- [Assignment] Nothing but the lines below from the one holding "สะพานปิงโหว" up to and including the one holding "ABD Dışişleri Bakanlığının" should be copied, exactly and without pictures.

- [Records supplied]
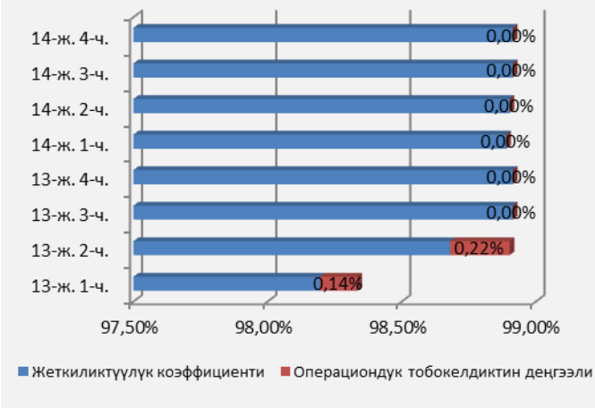
7-график. SWIFT ЖПТдагы жеткиликтүүлүк көрсөткүчү жана операциялык тобокелдиги

SWIFT жамааттык пайдалануу түйүнүнүн эрежелерине ылайык, Улуттук банк банк-катышуучуларга жүргүзүлүп жаткан иштер жөнүндө алдын ала маалымдаган.
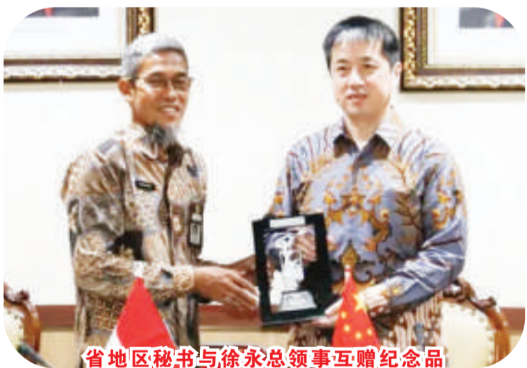
省地区秘书与徐永总领事互赠纪念品

徐永总领事会见中爪哇省地区秘书苏玛诺、三宝垄市长伊达，慰问当地侨领与华商，走访三宝垄国立大学、中爪哇清真寺，考察中印尼“两国双园”项目巴塘工业园区等地。王领事与孙领事陪同访问。
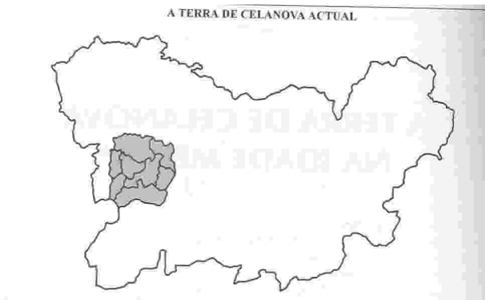
A TERRA DE CELANOVA ACTUAL

Polo tanto, neste traballo, referirémonos aos concellos que conforman hoxe a actual comarca da Terra de Celanova, con excepción da Merca, máis os de Arnoia, Cortegada, Padrenda, Bande, Lobeira e parte dos de Castrelo de Miño e Lobios.
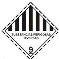
RÓTULO DE RISCO PRINCIPAL
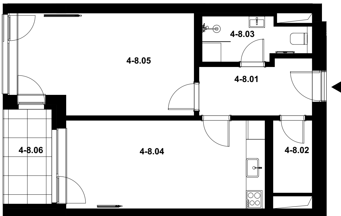
POLOHA JEDNOTKY V RÁMCI PODLAŽÍ budova U
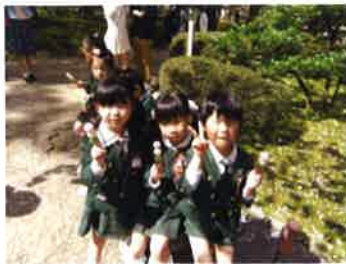
兼六園へお花見で～す！

園目標 「元気な体、やさしい心」 ～かけがえのない「出会い」そして「いのち」を大切に～ 「あいさつする、なかよくする、がんばる力」 を育てます
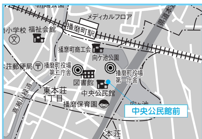
⑧中央公民館 4月13日(金) 午後2時30分～3時
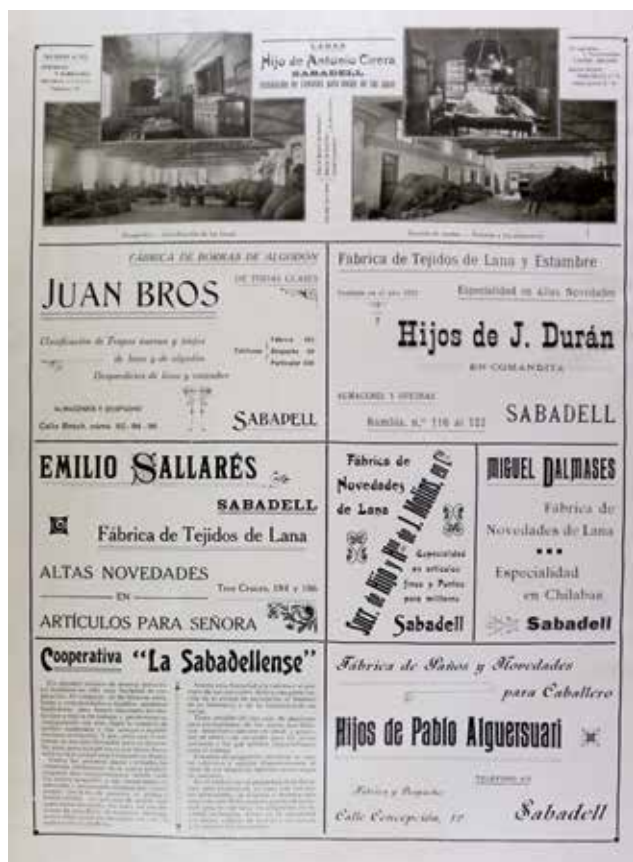
Figura 5. Una de les pàgines d'anuncis d'empreses sabadellenques aparegudes en les planes dedicades a la ciutat de Sabadell dins el volum Maravillas de España , 1916 (AHS).

es podia considerar convenient recórrer a la municipalització d'un servei. L'autor és un clar defensor de la proposta, que requeria personal tècnic competent, especialitzat i independent de la dimensió política dels regidors i d'altres representants polítics.
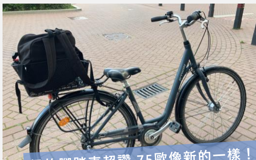
偶的腳踏車超讚 75歐像新的一樣！

其他心得報告應該都有提到、荷蘭對於腳踏車的法規蠻嚴格的，車燈、車鈴這些都可以納入找車的條件裡；另外即便有鎖車還是有可能被偷，所以盡量鎖在安全的地方ex.Guesthouse車棚、學校大樓裡...。腳踏車壞掉的話，UM很貼心偶爾會有 免費修車服務 ，大家可以關注學校臉書。By the way, 荷蘭腳踏車的地位大概跟台灣摩托車一樣，有專用車道而且速度很快，騎車要轉彎的時候記得舉手，行人也要注意腳踏車(非汽車^_^)
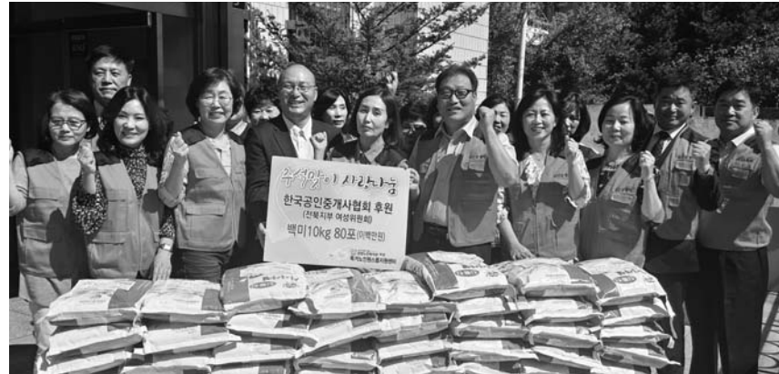
한국공인중개사협회 전북지부는 12일 독거노인 100여명에게 전주시 금암동 원스톱 센터에서 봉사단원 50여 분과 쌀 전달식을 가졌다.
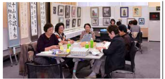
手前は、「和紙ちぎり絵サークル」の皆さんの実演コーナー、奥側は「西部きりえ会」の皆さんの実演コーナー。素晴らしい出来栄えに見学者が引きも切れません。

各展示会場とも各サークルの皆さんの力作ぞろいで、来場者の皆さんからとても好評を得ました。
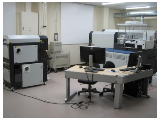
レーザーアブレーション付きマルチコレクター誘導結合プラズマ質量分析装置
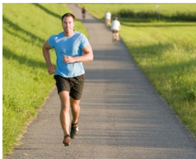
B mehr Sport treiben
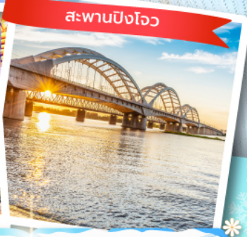
สะพานปิงโหว
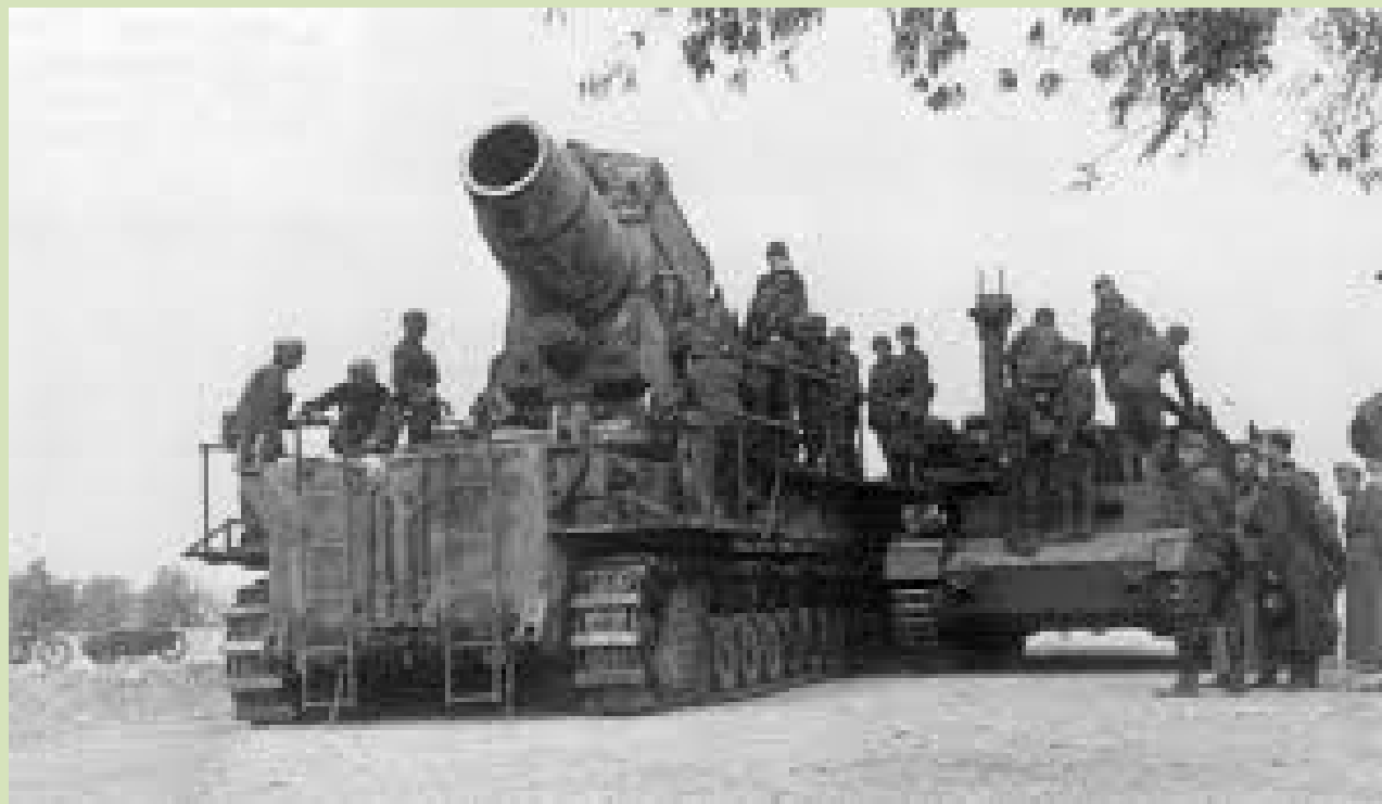
Munitie laden bij een Karl Gerät.

Dragon komt in januari met een bouwdoos van dit vernuftige apparaat in schaal 1/35 inclusief bemanning. In februari in de winkel voor €94,95 euro. Afgehaald in de winkel krijgt u daarop 10% korting.
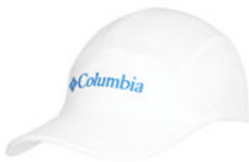
Columbia哥伦比亚 男式防晒降温速干帽

装备建议：夏季早晚冲锋，白天快干，夜晚需抓绒衣或羽绒，背包最好不要超过20kg。
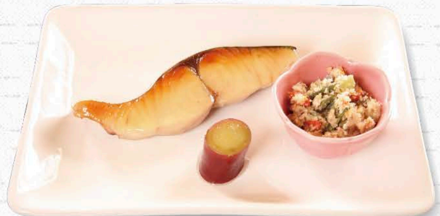
さわらの西京焼き 1,320円 西京みその香りがほんのり
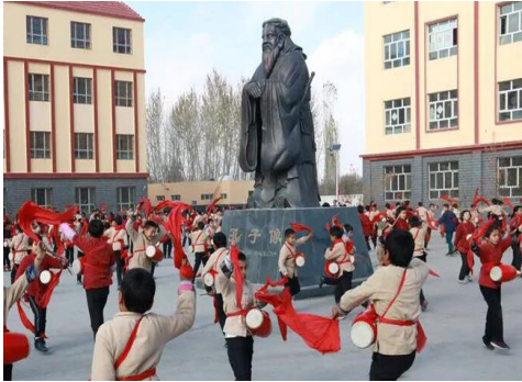
Uygur çocukları çinileştirme politikası

ABD Dışişleri Bakanlığının dile getirdiği bir başka baskı yöntemi de okullarda sadece Han Çinli kültürünün, Çin dili ve ideolojisinin çocuklara zorla öğretilmesiydi. Raporda, "Çin hükümeti, Uygur ve diğer Müslümanların yabancı ülkelere zorla geriye gönderilmesini istedi. Bunun sonucunda geri gönderilen bazıları gözaltına alındı" denildi.
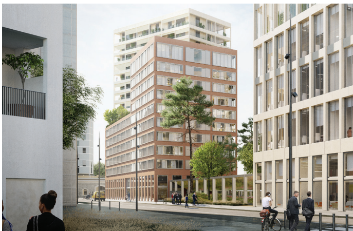
013 GRAND PARC Construction Hotel | Villejuif NC | NC | Linkcity Concours
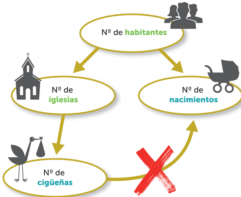
Figura 2. Grafo dirigido acíclico de causalidad del número de nacimientos. Adaptada de Díez Vegas, 2005 2 .

la probabilidad de que se presente la enfermedad. Sin embargo, un factor pronóstico de una enfermedad es un factor cuya presencia o ausencia indica peor o mejor evolución de la enfermedad. Los factores pronósticos pueden ser explicativos : cuando su presencia produce un cambio en el pronóstico (relación causal); y predictivos : cuando la presencia del factor solo indica un cambio en el pronóstico (relación no causal) 6 .
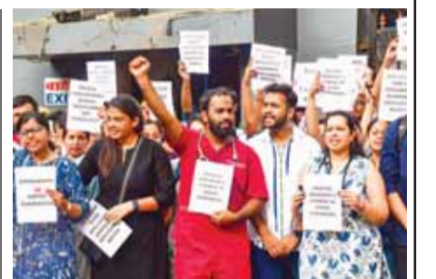
गुंगई में नायर अस्पताल पर डॉक्टर और मेडिकल छात्र विरोध प्रदर्शन करते हुए
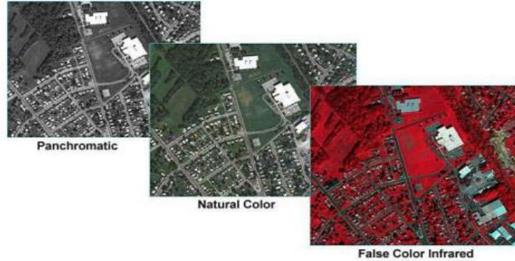
Şəkil 4: Aeropyonkaların növləri

Aeropyonkalar. Sabit imitasiya bazası üzərinə qoyulmuş çox qatlı emulsiyadır. Ümumiyyətlə aeropyonkalar eni təxminən 10 düym və uzunluğu 200 ilə 500 fut arasında olan rulonlarda mövcuddur. Müxtəlif məqsəd və unikal vəziyyətlərə uyğunluğundan asılı olaraq istifadə olunan müxtəlif aeropyonkaların növləri mövcuddur. Panxromatik və təbii rəngli plynkalar ən çox istifadə olunandır. Bu iki plynka və infraqırmızı birlikdə aerofotoqrafiyada istifadə olunan əsas bazanı təşkil edir (Şəkil 4).
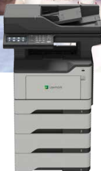
MB2546adwe с опционални тави
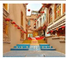
เมืองโบราณคิซาร์
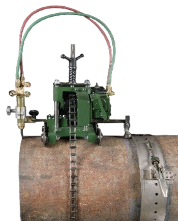
Опция направляющий рельс даёт высокое качество резки, подходит для больших труб. Каждый направляющий рельс оснащён дополнительными звеньями цепи для большего диаметра.
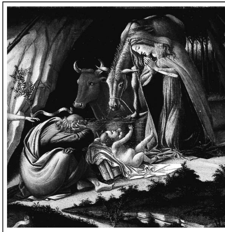
● Sandro Botticelli: „Mystické narození Páně“ - detail, r. 1500 ●

Sborový dopis Vršovického sboru Českobratrské církve evangelické
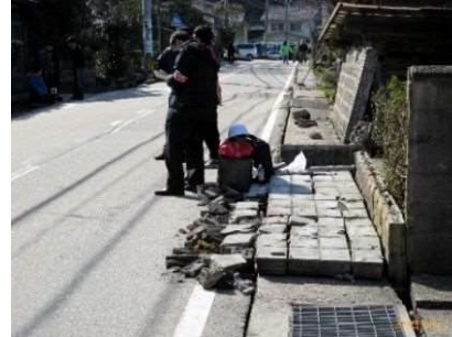
地震で倒壊したブロック塀
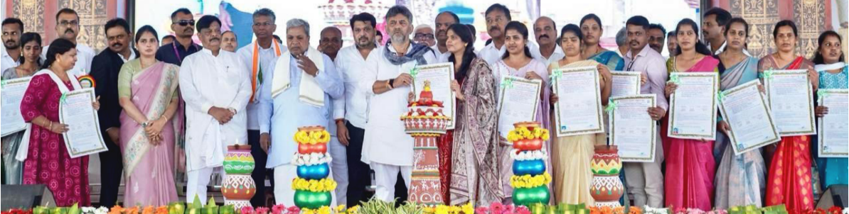
ನೇಮಕಾತಿ ಪತ್ರಗಳನ್ನು ಹಸ್ತಾಂತರ ಮಾಡಿದರು. ಸಂತ್ರಸ್ತರಿಗೆ ಚಾಮರಾಜನಗರ ವೈದ್ಯಕೀಯ ವಿಜ್ಞಾನ ಸಂಸ್ಥೆಗಳ ಬೋಧನಾ ಅಸ್ಥಾನದಲ್ಲಿ (ಸಿಎಸ್) ವಿವಿಧ ವೃಂದದ ಉದ್ಯೋಗಗಳನ್ನು ನೀಡಲಾಗಿದೆ. ಭಾರತ್ ಜೋಡೋ ಯಾತ್ರೆ ವೇಳೆಗೆ ಸಂತ್ರಸ್ತ ಕುಟುಂಬಗಳ ಸದಸ್ಯರಿಗೆ ಸರ್ಕಾರಿ ಉದ್ಯೋಗದ ನೀಡುವ ಭರವಸೆಯನ್ನು ಕಾಂಗ್ರೆಸ್ ನಾಯಕ ರಾಮಲ್ ಗಾಂಧಿ ನೀಡಿದ್ದರು. ಅದರಂತೆ ಸಂತ್ರಸ್ತ ಕುಟುಂಬಗಳ 25 ಮಂದಿಗೆ ಚಾಮರಾಜನಗರ ವೈದ್ಯಕೀಯ ಕಾಲೇಜು ಆಸ್ಪತ್ರೆಯಲ್ಲಿ ಜಾಯಂ ನೌಕರಿಯನ್ನು ರಾಜ್ಯ ಸರ್ಕಾರ ನೀಡಿದೆ. ರಾಜ್ಯದಲ್ಲಿ ಕೊರೋನಾ ಮಹಾಮಾರಿ ಅಬ್ಬರದ ಸಂದರ್ಭ, ಕೋವಿಡ್ ಎರಡನೇ ಅಲೆಯ ವೇಳೆಗೆ ಚಾಮರಾಜನಗರ ಜಿಲ್ಲಾ ಆಸ್ಪತ್ರೆಯಲ್ಲಿ ಬಾರಿ ದುರಂತವೊಂದು ನಡೆದಿತ್ತು. 2021, ಮೇ 20ರಂದು ಜಿಲ್ಲಾ ಕೋವಿಡ್ ಆಸ್ಪತ್ರೆಯಲ್ಲಿ ಚಿಕಿತ್ಸೆಗೆ ದಾಖಲಾಗಿದ್ದ 36 ಮಂದಿ ಆಮ್ಲಜನಕ ಸಿಗದ ಧಾರಾಣವಾಗಿ ಮೃತಪಟ್ಟಿದ್ದರು. ದುರ್ಘಟನೆ ನಡೆದಾಗ ಬಿಜೆಪಿ ಸರ್ಕಾರ ಅಧಿಕಾರದಲ್ಲಿದ್ದು, ಆಮ್ಲಜನಕದ ಕೊರತೆಯಿಂದಾಗಿ ಒಟ್ಟು 36 ಮಂದಿ ಪ್ರಾಣಕಳೆದು ಕೊಂಡಿದ್ದು, ಈ ವಿಚಾರದೇಶಾದ್ಯಂತ

- [Written solution]
สะพานปิงโหว
Munitie laden bij een Karl Gerät.

Dragon komt in januari met een bouwdoos van dit vernuftige apparaat in schaal 1/35 inclusief bemanning. In februari in de winkel voor €94,95 euro. Afgehaald in de winkel krijgt u daarop 10% korting.
Columbia哥伦比亚 男式防晒降温速干帽

装备建议：夏季早晚冲锋，白天快干，夜晚需抓绒衣或羽绒，背包最好不要超过20kg。
さわらの西京焼き 1,320円 西京みその香りがほんのり
Uygur çocukları çinileştirme politikası

ABD Dışişleri Bakanlığının dile getirdiği bir başka baskı yöntemi de okullarda sadece Han Çinli kültürünün, Çin dili ve ideolojisinin çocuklara zorla öğretilmesiydi. Raporda, "Çin hükümeti, Uygur ve diğer Müslümanların yabancı ülkelere zorla geriye gönderilmesini istedi. Bunun sonucunda geri gönderilen bazıları gözaltına alındı" denildi.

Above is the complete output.